Assistant to the President Chief of Staff to the Vice President
- In office 1969–1973
- Vice President: Spiro Agnew
- Preceded by: Office created
- Succeeded by: Robert T. Hartmann

Personal details
- Born: February 16, 1926 Wilkes-Barre, Pennsylvania, U.S.
- Died: August 25, 1991 (aged 65) Woodstock, New York, U.S.
- Education: Lafayette College (BA) University of Maryland, Baltimore (JD)

Military service
- Branch/service: United States Navy
- Battles/wars: World War II

= Arthur Sohmer =

American attorney (1926–1991)

Arthur J. Sohmer (February 16, 1926 – August 25, 1991) was an American attorney and government official who served as Chief of Staff to the Vice President to Vice President Spiro Agnew from 1969 to 1973.

== Early life and education ==
Sohmer was born in Wilkes-Barre, Pennsylvania. He graduated from Lafayette College and the law school at the University of Maryland Francis King Carey School of Law.

== Career ==
Sohmer served in the United States Navy during World War II.
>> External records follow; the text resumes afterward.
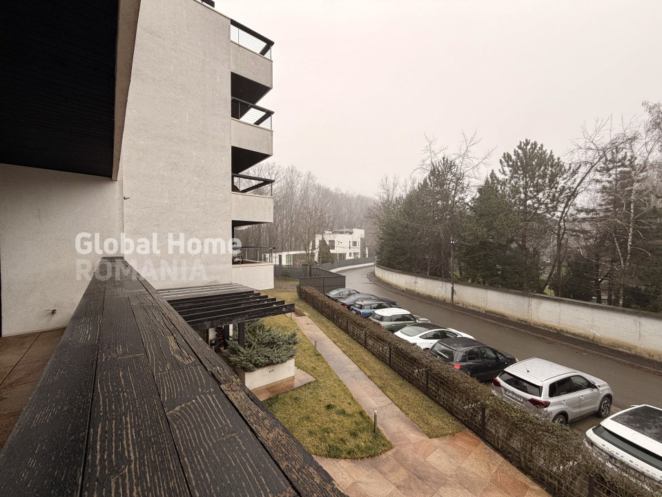 ✔ Balcony with an open panoramic view towards Băneasa Forest, offering a rare sense of privacy and greenery.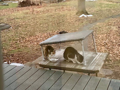 None are showing up with any kind of regularity, so I replace the water every morning, but don't put out food unless I see a cat nearby.
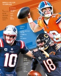 치프스탈락으로머홈스빠져닉스·메이·윌리엄스활약예고미국최고인기스포츠인NFL(미프로풋볼)에서2020년대를지배한팀은캔자스시티치프스였다.스타쿼터백패트릭머홈스(31)가이끈치프스는2020년대에만수퍼볼에5차례올라2020년과2023년,2024년세번정상에오르며‘왕조’를구축했다.하지만올시즌엔6승11패에그치며플레이오프(PO)진출에실패했다.치프스가PO에나가지못한것은2014시즌이후11년만이다.그래픽=백형선머홈스가사라진올시즌NFLPO는2024년드래프트에뽑힌프로2년차쿼터백들의각축장이될전망이다.정규리그에서14승3패를거두며AFC(아메리칸콘퍼런스)1위를꿰찬덴버브롱코스는보닉스(26)가선봉에선다.2024년드래프트전체12순위로브롱코스에지명된닉스는첫시즌부터주전쿼터백으로나섰고,올시즌에도안정적인기량으로팀의선두질주에힘을보탰다.강력한수비를자랑하는브롱코스는AFC에서두번째로적은실점(311점)을허용했다.AFC2위(14승3패)로PO에오른뉴잉글랜드패트리어츠는마침내톰브래디의후계자를찾은분위기다.브래디와함께수퍼볼6회우승을차지하며황금기를구가한패트리어츠는그가2019시즌을끝으로팀을떠난이후엔5시즌동안한차례PO진출에그쳤다.그런패트리어츠의반등을이끈이가2년차쿼터백드레이크메이(24)다.드래프트3순위로NFL에입성한그는루키시절선발출전한경기에서3승9패로프로무대의쓴맛을봤으나올시즌엔리그주전쿼터백중패스성공률(72%)과패스당야드전진(8.9)에서1위에오르는등환골탈태한모습을보여주며팀공격을이끌었다.NFC(내셔널콘퍼런스)에선5년만에PO에오른2위시카고베어스(11승6패)가관심을끈다.2024드래프트전체1순위에빛나는쿼터백케일럽윌리엄스(25)는이번시즌4쿼터에뒤지고있던경기를여섯차례나뒤집는‘강심장’으로베어스팬들을열광에빠뜨렸다.젊은쿼터백들이득세한올시즌노장쿼터백들도힘을냈다.피츠버그스틸러스(10승7패)의43세베테랑애런로저스는5일볼티모어레이븐스와의리그최종전에서294야드를던지는노익장을과시하며26대24승리를견인,극적으로팀에PO행티켓을안겼다.LA램스(12승5패)의38세쿼터백매슈스태퍼드는리그최다인46개의터치다운패스로팀을PO에끌어올렸다.총14팀이나서는NFLPO에선각콘퍼런스1위팀이부전승으로디비저널라운드(8강)로직행하고,나머지12팀은와일드카드라운드로PO첫경기를벌인다.이번시즌와일드카드대진은LA램스-캐롤라이나팬서스,그린베이패커스-시카고베어스(이상한국시각11일),버펄로빌스-잭슨빌재규어스,샌프란시스코포티나이너스-필라델피아이글스,LA차저스-뉴잉글랜드패트리어츠(이상12일),휴스턴텍산스-피츠버그스틸러스(13일)로확정됐다.결승전인수퍼볼은내달9일캘리포니아리바이스스타디움에서펼쳐진다.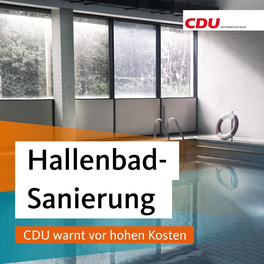Den Ruhr Nachrichten konnte im Zusammenhang mit der Berichterstattung über das Schulschwimmen im Selmer Hallenbad entnommen werden, dass die Stadtverwaltung weiterhin von Sanierungskosten in Höhe von 3,3 Mio. Euro ausgeht. Diese Darstellung irritiert die CDU-Fraktion mit Blick auf den am 16.12.2021 beschlossenen Haushaltsplan für das Jahr 2022: Dort sind in der Mittelfristplanung für die Sanierung des Hallenbads nämlich bereits 4,5 Mio. Euro angesetzt.

Sohmer moved to Baltimore, Maryland, in 1956. In 1962, he ran for a seat in the Maryland House of Delegates but lost in the primary. Later that year, he managed Spiro Agnew's successful campaign for Baltimore County executive. Agnew was the first Republican to win that office, a feat not repeated until 1990. Sohmer was appointed by Agnew to the Baltimore County Tax Appeals Court in 1963 and became its chief judge in 1964. Sohmer also managed Agnew's successful campaign for governor of Maryland in 1966. Sohmer then managed appointments in the Maryland governor's office.

After Agnew was elected vice president in 1968 on a ticket with Richard Nixon, Sohmer became his chief of staff. After Agnew's resignation in 1973, Sohmer held positions with the General Services Administration and the United States Railway Association.

In 1978, Sohmer was a founding partner in the Learning Tree, a mail-order company dealing in special education materials.

== Personal life ==
Sohmer died of lung cancer at his home in Woodstock, New York in 1991 at the age of 65.